In the description of the present embodiment, the terms "upper", "lower", "left", "right", and the like are used in the orientation or positional relationship shown in the drawings only for convenience of description and simplicity of operation, and do not indicate or imply that the device or element referred to must have a specific orientation, be constructed in a specific orientation, and be operated, and thus should not be construed as limiting the present invention. Furthermore, the terms "first" and "second" are used only for descriptive purposes and are not intended to have a special meaning.

Referring to fig. 1, the bending-resistant data patch cord 100 of the present embodiment is suitable for being used as a matching wire of a Type-C docking station, is compatible with USB3.1 signal transmission and USB2.0 signal transmission, has high mechanical strength, meets daily use requirements, and has a long service life. Of course, the bending-resistant data patch cord 100 can also be used in other wire application environments that require compatibility between USB3.1 signal transmission and USB2.0 signal transmission, so the application environment of the bending-resistant data patch cord 100 is not limited herein.

Referring to fig. 1 and 2, the bending-resistant data patch cord 100 of the present embodiment includes a sheath 10 and a cable assembly 20, the cable assembly 20 is disposed in the sheath 10, and the sheath 10 is filled with nylon fibers 30, where the nylon fibers 30 are cotton yarns. Preferably, the nylon fiber 30 is filled between the inner wall of the sheath 10 and the outer wall of the cable assembly 20 to ensure the roundness of the bending-resistant data patch cord 100, reduce the usage amount of the sheath 10 material, and reduce the production cost.
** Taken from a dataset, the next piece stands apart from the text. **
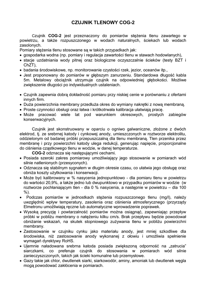 CZUJNIK TLENOWY COG-2 Czujnik COG-2 jest przeznaczony do pomiarów stężenia tlenu zawartego w powietrzu, a także rozpuszczonego w wodach naturalnych, ściekach lub wodach zasolonych. Pomiary stężenia tlenu stosowane są w takich przypadkach jak: gospodarka wodna (np. pomiary i regulacja zawartości tlenu w stawach hodowlanych), stacje uzdatniania wody pitnej oraz biologiczne oczyszczalnie ścieków (testy BZT i ChZT), badania środowiskowe, np. monitorowanie czystości rzek, jezior, oceanów itp., Jest proponowany do pomiarów w głębszym zanurzeniu. Standardowa długość kabla 5m. Metalowy obciążnik utrzymuje czujnik na odpowiedniej głębokości. Możliwe zwiększenie długości po indywidualnych ustaleniach. Czujnik zapewnia dobrą dokładność pomiaru przy niskiej cenie w porównaniu z ofertami innych firm. Duża powierzchnia membrany przedłuża okres do wymiany nakrętki z nową membraną. Proste czynności obsługi oraz łatwa i krótkotrwała kalibracja ułatwiają pracę. Może pracować wiele lat pod warunkiem okresowych, prostych zabiegów konserwacyjnych. Czujnik jest skonstruowany w oparciu o ogniwo galwaniczne, złożone z dwóch elektrod, tj. ze srebrnej katody i cynkowej anody, umieszczonych w roztworze elektrolitu, oddzielonym od badanej próbki przepuszczalną dla tlenu membraną. Tlen przenika przez membranę i przy powierzchni katody ulega redukcji, generując napięcie, proporcjonalne do ciśnienia cząstkowego tlenu w wodzie, w danej temperaturze. COG-2 odznacza się następującymi cechami. Posiada szeroki zakres pomiarowy umożliwiający jego stosowanie w pomiarach wód silnie natlenionych (przesyconych). Odznacza się stabilnym sygnałem w długim okresie czasu, co ułatwia jego obsługę oraz obniża koszty użytkowania i konserwacji. Może być kalibrowany w % nasycenia jednopunktowo - dla pomiaru tlenu w powietrzu do wartości 20,9%, a także jedno lub dwupunktowo w przypadku pomiarów w wodzie (w roztworze pochłaniającym tlen - dla 0 % nasycenia, a następnie w powietrzu – dla 100 %). Podczas pomiarów w jednostkach stężenia rozpuszczonego tlenu (mg/l), należy uwzględnić wpływ temperatury, zasolenia oraz ciśnienia atmosferycznego (przyrządy Elmetronu umożliwiają ręczne lub automatyczne wprowadzenie poprawek. Wysoką precyzję i powtarzalność pomiarów można osiągnąć, zapewniając przepływ próbki w pobliżu membrany o natężeniu kilku cm/s. Brak przepływu będzie powodował obniżanie wskazań, na skutek stopniowego zużywania tlenu w pobliżu powierzchni membrany. Zastosowanie w czujniku cynku jako materiału anody, jest mniej szkodliwe dla środowiska, niż zastosowanie anody wykonanej z ołowiu i umożliwia spełnienie wymagań dyrektywy RoHS. Ujemnie naładowana srebrna katoda posiada zwiększoną odporność na „zatrucia” siarczkami, co preferuje czujnik do stosowania w pomiarach wód silnie zanieczyszczonych, takich jak ścieki komunalne lub przemysłowe. Gazy takie jak chlor, dwutlenek siarki, siarkowodór, aminy, amoniak lub dwutlenek węgla mogą powodować zakłócenia w pomiarach. Czujnik posiada membranę z folii teflonowej, o znakomitej odporności chemicznej, wysokiej selektywności oraz dobrej przepuszczalności tlenu. Membrana osadzona jest w wygodnej do wymiany nakrętce. COG-2 posiada wewnętrzną kompensację temperaturowej zależności przepuszczalności membrany. Czujnik posiada wbudowany rezystor termiczny (Pt-1000) dla zewnętrznej kompensacji temperatury i nie wymaga współpracy z dodatkowym czujnikiem temperatury. Czujnik przystosowany jest do współpracy z przyrządami pomiarowymi firmy Elmetron. Dane techniczne Zakres pomiarowy Dokładność Zakres temperatur stosowania Zakres kompensacji temperatury Sygnał dla 100 % nasycenia O2 Sygnał dla 0 % nasycenia O2 Dryft sygnału Czas reakcji t90 Kompensacja wewnętrzna Wbudowany czujnik temperatury Materiał katody Materiał anody Materiał membrany Materiał korpusu i nasadki membranowej Elektrolit wewnętrzny Długość korpusu (do oprawki) Średnica korpusu Długość przewodu Wtyczka 0 ÷ 100% -tlen w powietrzu 0.÷.60 mg/l (0.÷.600 %) tlen w wodzie ± 0,1 mg/l (± 1 %) 0...40ºC 0...40ºC 20...25 mV maksymalnie 0,3 mV 1 %/24 godziny poniżej 1 minuty tak (termistor) tak (Pt-1000) srebro cynk folia teflonowa PCW KCl 0,5 mol/l 119 ± 5 mm 18,0 ± 0,5 mm 5m BNC Chinch (RCA) temperatura Nakrętka z membraną Czujnik COG-2 41-814 ZABRZE ul. W. Witosa 10 tel. 32 273 81 06, fax 32 273 81 14 [email protected] www.elmetron.com.pl

The sheath 10 of the present embodiment is a thermoplastic Elastomer (TPE), has characteristics of high elasticity, high strength, high resilience, and high thermoplasticity, and is suitable for use as a high-quality sheath 10. The cable assembly 20 comprises a first wire module, a second wire module 22, a signal detection module, a power module, a reinforcement module 25 and a main ground 26, wherein the first wire module, the second wire module 22, the signal detection module, the power module, the reinforcement module 25 and the main ground 26 are mutually twisted, the first wire module is used for transmitting USB3.1 signals, the second wire module 22 is used for transmitting USB2.0 signals, the signal detection module is used for transmitting detection signals, the power module is used for connecting external power signals, and the main ground 26 is 19 AWG core 30. The bending-resistant data transfer line 100 of the embodiment becomes a full-function USB3.1 wire by arranging independent modules to transmit USB3.1 signals, USB2.0 signals, detection signals and power signals.
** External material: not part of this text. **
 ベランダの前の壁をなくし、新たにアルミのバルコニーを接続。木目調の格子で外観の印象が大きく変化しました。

The signal detection module and the reinforcement module 25 are commonly distributed at the center of the cable assembly 20 along the length direction to further increase the roundness of the bending-resistant data patch cord 100. In addition, the reinforcement module 25 is located at the center of the cable assembly 20 along the length direction, so that the bending-resistant data patch cord 100 has better stretch resistance. The signal detection module comprises four signal line groups 23, the reinforcing module 25 comprises a plurality of aramid fibers (namely bulletproof fibers), the aramid fibers are distributed among the four signal line groups 23, and when the signal line groups 23 and the aramid fibers are twisted, the signal line groups 23 and the aramid fibers obtain the maximum tensile resistance, so that the bending-resistant data transfer line 100 obtains the maximum tensile resistance from the central position to each part.

The signal line group 23 includes a first shielding layer 231 and a first conductor 232, and the first conductor 232 is disposed in the first shielding layer 231. The first shielding layer 231 is an aluminum foil (specifically, aluminum foil mylar) to shield external interference and ensure the transmission stability of the signal line set 23. The signal line group 23 of this embodiment is produced by a horizontal pair twister, and the tension of the first shielding layer 231 is constant in the manufacturing process, so as to ensure that the signal line group 23 has stable high-frequency performance. Further, the first shielding layer 231 is filled with nylon fiber to increase the stretch resistance of the first conductor 232 in the signal line group 23. The first conductor 232 has a gauge of 19-core 32AWG, which has a smaller diameter and higher wobble than a single core of a conventional conductor gauge with the same cross-sectional area, and can withstand higher service strength. The four signal line groups 23 in this embodiment are set to be yellow, blue, purple and pink, respectively, so that the user can distinguish between them in the actual use process.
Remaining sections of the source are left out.